For Dime Bancorp, life and health insurance sales start in the branches.

Robert Mittel, senior vice president for national sales and channel manager of the New York banking company's Dime Insurance Group, says many middle-market customers are underserved and undercovered- they have little or no life or disability insurance.

The reason they often do not get enough guidance is that smaller policies do not generate big profits, Mr. Mittel said Tuesday at the Financial Convergence conference in New York. Dime, he said, found that "the branch was the answer for these customer needs."

He cited a survey by Great American Insurance Co. of Cincinnati that found that 70% of bank insurance customers want to buy face-to-face, in branches.

Dime Savings Bank of New York, the bank's $25.7 billion-asset thrift subsidiary, has 400 platform representatives licensed to sell insurance through its 127 branches in the New York City area. To be a platform rep, an employee has to get a life insurance license within six months of being hired - or else be demoted to teller.

Platform reps are the initial point of sale in Dime's three-tiered system, Mr. Mittel explained. It sells customers a few simple life products along with accounts and investment products.

"These people sell insurance 10%, 15% of the time and are not sophisticated financial planners," but the products they sell have to meet fairly sophisticated needs of core customers, he said.

Customers with more complicated financial planning guidance needs are referred to one of the Dime's 30 insurance specialists, who handle a broader selection of products. For the most complex, commercial accounts, Dime has six full-time agents who work with reps at all the branches.

Dime also requires that employees be licensed in order to get paid for referrals, Mr. Mittel said. Unlike some banks, which allow tellers to make referrals, Dime has found that the best referrals come from insurance-licensed employees, who can assess customers' insurance needs and send them to the right person, he said.

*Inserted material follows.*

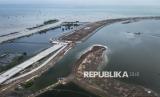 Foto udara suasana pengerjaan proyek pembangunan Jalan Tol Semarang-Demak Seksi 1 di Semarang, Jawa Tengah, Senin (15/12/2025). Kementerian Pekerjaan Umum (PU) mencatat progres konstruksi Jalan Tol Semarang-Demak Seksi 1 sepanjang 10,64 Km dengan dukungan sistem pengendali banjir seperti tanggul laut, rumah pompa dan sejumlah kolam retensi selain untuk memperlancar arus lalu lintas juga untuk melindungi ratusan ribu jiwa dari ancaman banjir rob Kabupaten Demak dan Kota Semarang tersebut telah mencapai 58,31 persen per 24 November 2025 dan ditargetkan beroperasi pada April 2027. (FOTO : ANTARA FOTO/Aprillio Akbar)
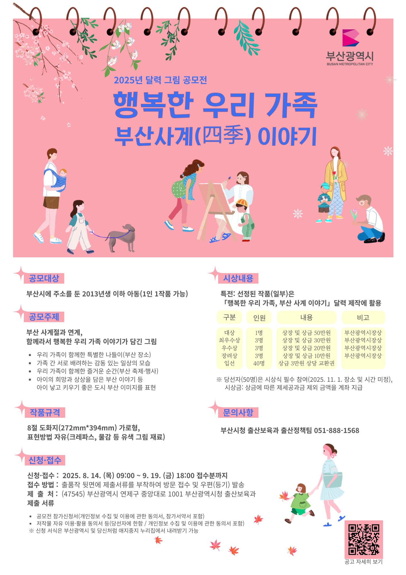 [부산광역시] 2025 달력 그림 공모전 “행복한 우리 가족, 부산사계(四季) 이야기”

Reps should be paid "enough to make it matter" for referrals and sales, Mr. Mittel said. Banks should not put a ceiling on the amount that reps can earn from insurance sales, he said, because "if you cap incentives, you cap production."

Dime offers life, health, and disability insurance in all its branches. While it sells some auto insurance through the mail, it does not and probably will never sell property-casualty in the branches, Mr. Mittel said.

Since the target market for these products consists of customers the bank already has, branches need to make their availability plain to see with signs and brochure displays in branches, he said.

Speaking generally about marketing, Mr. Mittel said, "Platform bankers will cross-sell to a certain degree, but you have to help them out."

Banks can also use sell insurance by direct mail and telephone, though Mr. Mittel said he avoids telemarketing almost completely, because too many customers objected.

He also advises patience.

"Product training is easy; sales training is hard," and banks cannot expect to transform their branch personnel into insurance salespeople in just a month or two, he said.